While the farmer can’t see the growth above ground, the seed is developing roots below. As Myron Golden says:

“Let the work you do work on you until you can become the person whom the work can work for.”

Your roots are the systems, infrastructure, and values that allow you to create consistent customer transformation.

Pain is not a punishment — it’s a signal.
It reveals what’s lacking. If customers keep complaining about delivery delays, that pain is showing you exactly where to grow: improve your fulfillment and exceed expectations next time.

Pain builds trust. When people know you’ve experienced what they’re going through — and overcame it through your product or service — they believe it can work for them too.

Superman Movie 2025

Shift your focus: from your pain to your customer’s

Stop seeing pain as frustration and start seeing it as the catalyst for multiplication.
And don’t just focus on your company’s pain — focus on your customer’s pain.

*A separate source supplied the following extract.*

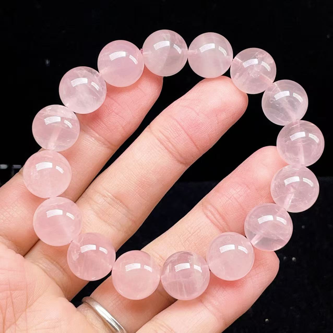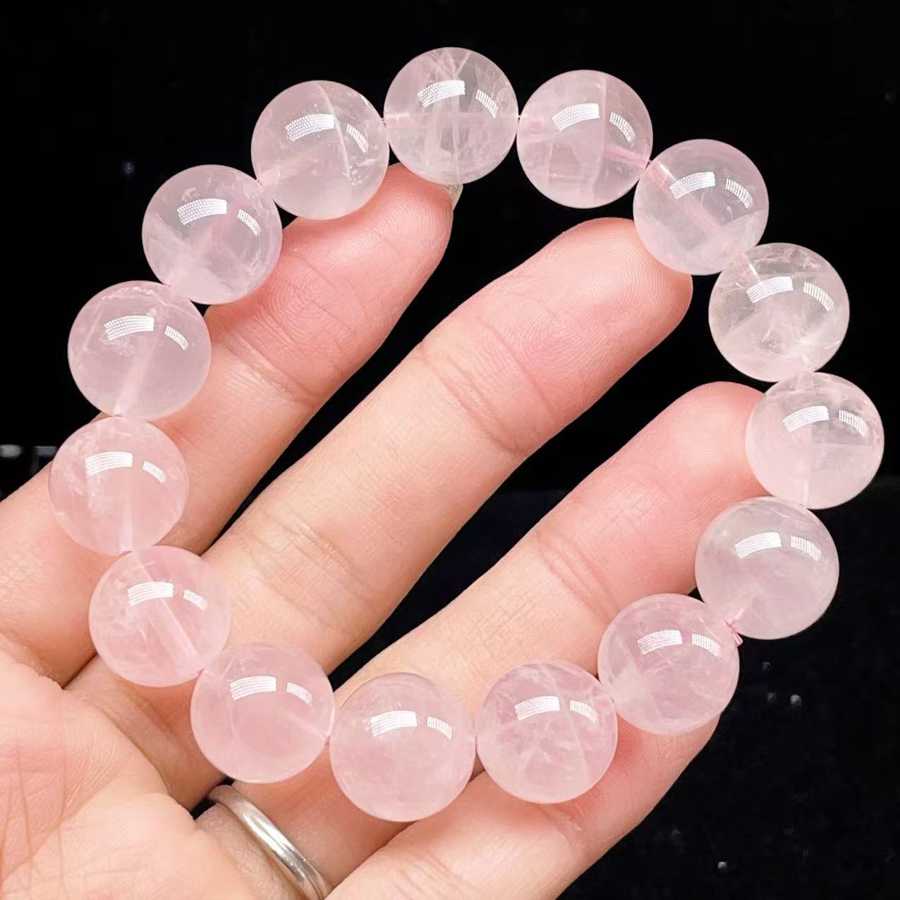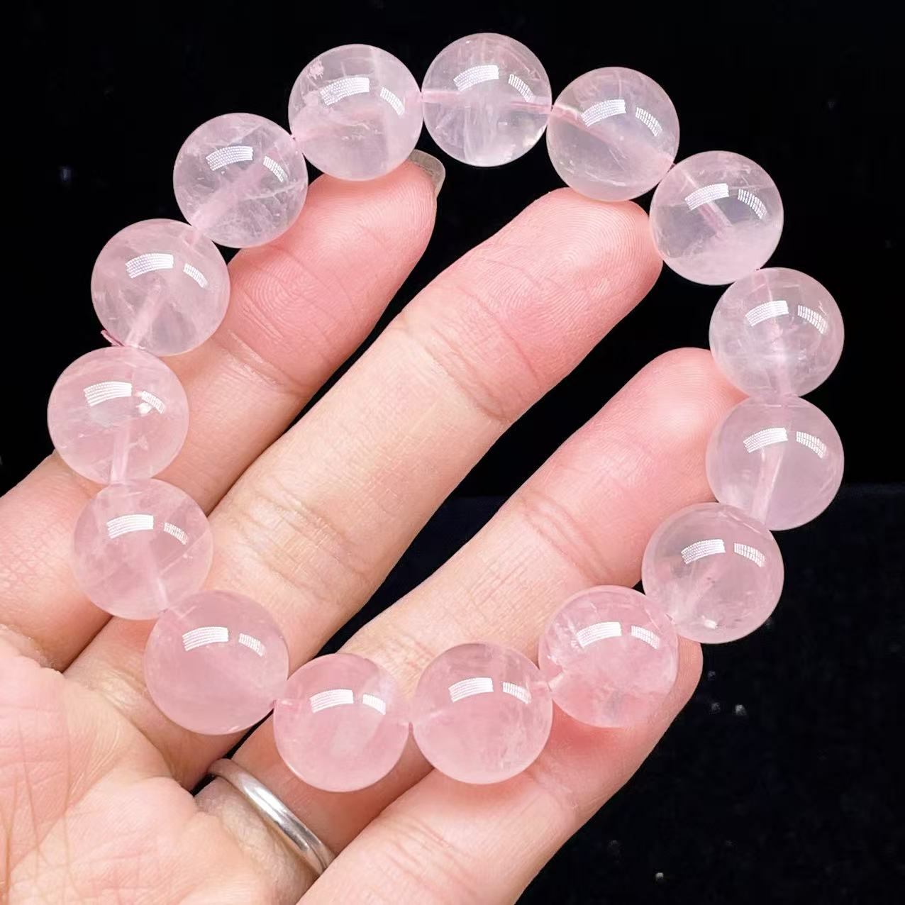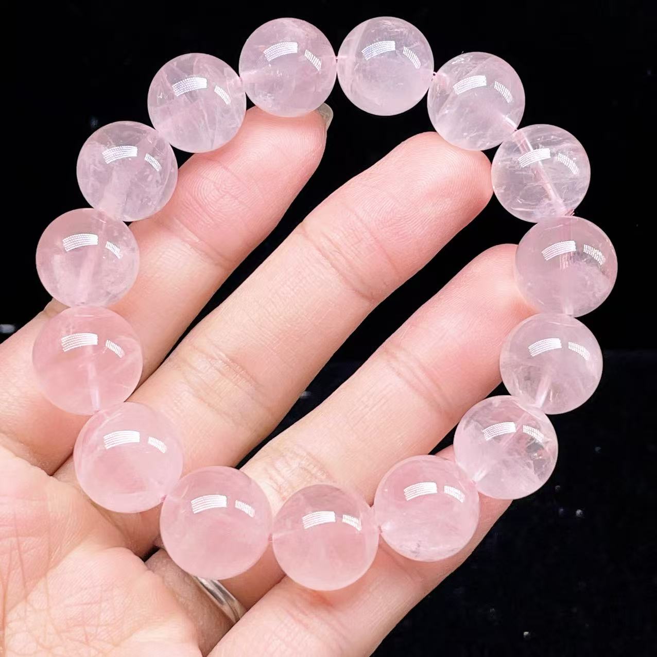 PROME 天然石【一点物】高品質・高透明・ローズクオーツ・ラベンダーピンクローズクオーツ・ パープルローズクオーツ・マダガスカル産・ブレスレット・v75645

Instead of chasing instant gratification for your business, aim for instant gratification for your customer.
Ask: How can I make their experience better?

When you focus on solving their pain — not just selling your product — you’re sowing into good soil that will yield long-term fruit. Through diligence, discipline, and consistency, you’ll build the structures needed to sustain success.

Show them, don’t tell them

You might be wondering, “How can I show my audience that I can solve their pain?”

There are plenty of tactics: share your own transformation story, highlight customer testimonials, or offer a money-back guarantee.
But the most powerful way to build trust is simple: show them — don’t tell them.

People don’t buy because of what they hear; they buy because of what they feel.
That’s why film is so powerful. We don’t watch movies for information — we watch them for emotion, for story, for transformation.

So why not bring that same storytelling into your marketing?

By turning your audience’s pain points into a short film, you’re giving people what they already love to watch: a story that moves them. We call this a Brand Film — a cinematic experience that showcases your brand’s story, your product, or your customer’s transformation in a way that feels more like a movie than an ad.